On 12/6/22 08:07, Aleksander Morgado wrote:
MM shouldn't write to any file, apart from the log file if you used --log-file=[PATH]. MM does read from several files in the filesystem, but that shouldn't be an issue unless your system is limiting access to certain paths only. Is this the case?
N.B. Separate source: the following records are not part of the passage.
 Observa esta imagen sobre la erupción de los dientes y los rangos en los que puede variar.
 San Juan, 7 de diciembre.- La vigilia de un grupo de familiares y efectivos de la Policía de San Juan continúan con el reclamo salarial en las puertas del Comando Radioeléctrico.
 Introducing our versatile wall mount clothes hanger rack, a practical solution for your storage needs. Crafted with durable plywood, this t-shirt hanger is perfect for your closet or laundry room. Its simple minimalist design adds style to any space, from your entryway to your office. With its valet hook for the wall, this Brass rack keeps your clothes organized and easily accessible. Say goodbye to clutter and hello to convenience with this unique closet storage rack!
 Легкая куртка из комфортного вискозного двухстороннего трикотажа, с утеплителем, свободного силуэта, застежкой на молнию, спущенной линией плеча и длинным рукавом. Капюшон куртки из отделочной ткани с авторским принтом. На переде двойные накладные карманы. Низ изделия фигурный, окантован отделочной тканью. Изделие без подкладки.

That is the case, and the point. During shutdown, various parts of the system go away, certainly /dev, /sys, /overlay, /tmp. The problem might not be a file, it might be a device or socket. I'm just trying to give some clues as to where to look. Here's lsof: 3714 /usr/sbin/ModemManager 0 /dev/null 3714 /usr/sbin/ModemManager 1 /dev/null 3714 /usr/sbin/ModemManager 2 /dev/null 3714 /usr/sbin/ModemManager 3 anon_inode:[eventfd] 3714 /usr/sbin/ModemManager 4 anon_inode:[eventfd] 3714 /usr/sbin/ModemManager 5 socket:[19212] 3714 /usr/sbin/ModemManager 6 anon_inode:[eventfd] 3714 /usr/sbin/ModemManager 7 socket:[1058312] 3714 /usr/sbin/ModemManager 8 /dev/ttyUSB3 3714 /usr/sbin/ModemManager 9 /dev/ttyUSB0 3714 /usr/sbin/ModemManager 11 /dev/ttyUSB2
Looking at the error it does look like a NULL pointer dereference of some sort. Does the system generate core files, and if so, could we debug one with gdb to get a full backtrace of where the issue happened?
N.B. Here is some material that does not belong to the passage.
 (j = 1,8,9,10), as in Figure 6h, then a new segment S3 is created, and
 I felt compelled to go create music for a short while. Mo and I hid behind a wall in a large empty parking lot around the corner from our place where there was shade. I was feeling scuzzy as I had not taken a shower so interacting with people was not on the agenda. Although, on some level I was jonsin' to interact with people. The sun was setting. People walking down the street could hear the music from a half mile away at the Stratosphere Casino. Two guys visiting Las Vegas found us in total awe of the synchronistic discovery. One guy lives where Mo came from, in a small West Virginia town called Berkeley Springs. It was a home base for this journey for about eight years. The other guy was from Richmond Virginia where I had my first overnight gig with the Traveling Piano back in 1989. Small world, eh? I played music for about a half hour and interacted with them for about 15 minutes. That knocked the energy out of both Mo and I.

My previous experiments with gdb show it to run far too slowly for ModemManager to operate correctly - various timeouts kick in, and it doesn't want to connect. Unfortunately, I'm not in a position to investigate this much more this week - my current work involves rapid turn around of images, and I'm doing things with overlay, during which I noticed this as well, although that might just be coincidence. I realize this could well be a libglib problem too.